О Зюганове говорили здесь много, и будут еще, очевидно, говорить. Нам повезло. Я имею в виду, повезло не только коммунистам, повезло всем нам, патриотам. Потому что Зюганов лидер не одних только коммунистов, Зюганов – лидер всех патриотов России. Если не все патриоты России это сознают, тем хуже для них. В общем-то, так оно действительно и есть.
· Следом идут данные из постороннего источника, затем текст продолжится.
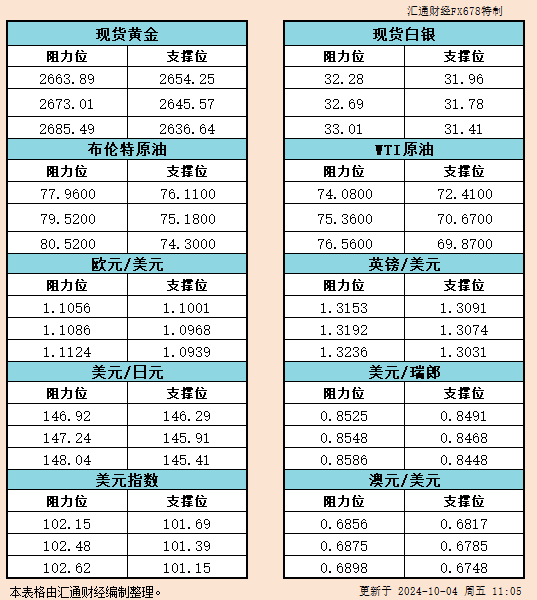 标题:10月4日亚市支撑阻力:金银原油+美元指数等六大货币对

Я, вспоминаю, познакомился с Зюгановым, когда был писательский съезд, еще в 1990 году. Я выступал там, подошел после этого Зюганов, и мы познакомились, и он отвез меня даже до дому. И всё, казалось, на этом всё. Затем – событие за событием, событие за событием, и куда не придешь – везде Геннадий Зюганов. Везде он выступает, везде он говорит то, что нужно. Не надо забывать – в книге это есть, – не надо забывать, что в 1991 году это была инициатива его: обратиться со «Словом к народу». И «Слово к народу» тогда возымело все-таки определенное действие. Нет, не определенное, а большое действие! Если не все это сразу почувствовали, если началась травля тех, кто подписывал это письмо, – это ничего не значит. С некоторых пор такое ощущение: если за что-то травят Зюганова, травят партию, заодно и меня цепляют, мне это только составляет гордость – ага, ну, значит, заслужил, ты это заслужил за доброе дело, потому что эти-то люди уж не ошибаются.
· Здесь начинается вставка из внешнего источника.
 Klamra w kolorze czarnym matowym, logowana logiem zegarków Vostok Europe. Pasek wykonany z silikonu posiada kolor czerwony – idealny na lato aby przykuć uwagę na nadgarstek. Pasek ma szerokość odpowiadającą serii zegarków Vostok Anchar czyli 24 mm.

Не знаю, Зюганов, может, где-то ошибался, автор, наверное, знает лучше ошибки его, наверное, без этого ни один человек не был. Но что касается общественной борьбы, не видно, чтобы где-то он ошибался. Не видно, потому что спасти партию после девяносто первого года и затем после девяносто шестого года – это надо было иметь удивительную силу. Не просто какую-то физическую, моральную силу, духовную силу. Это надо было иметь особенную силу, чтобы спасти все-таки и направить ее дальше.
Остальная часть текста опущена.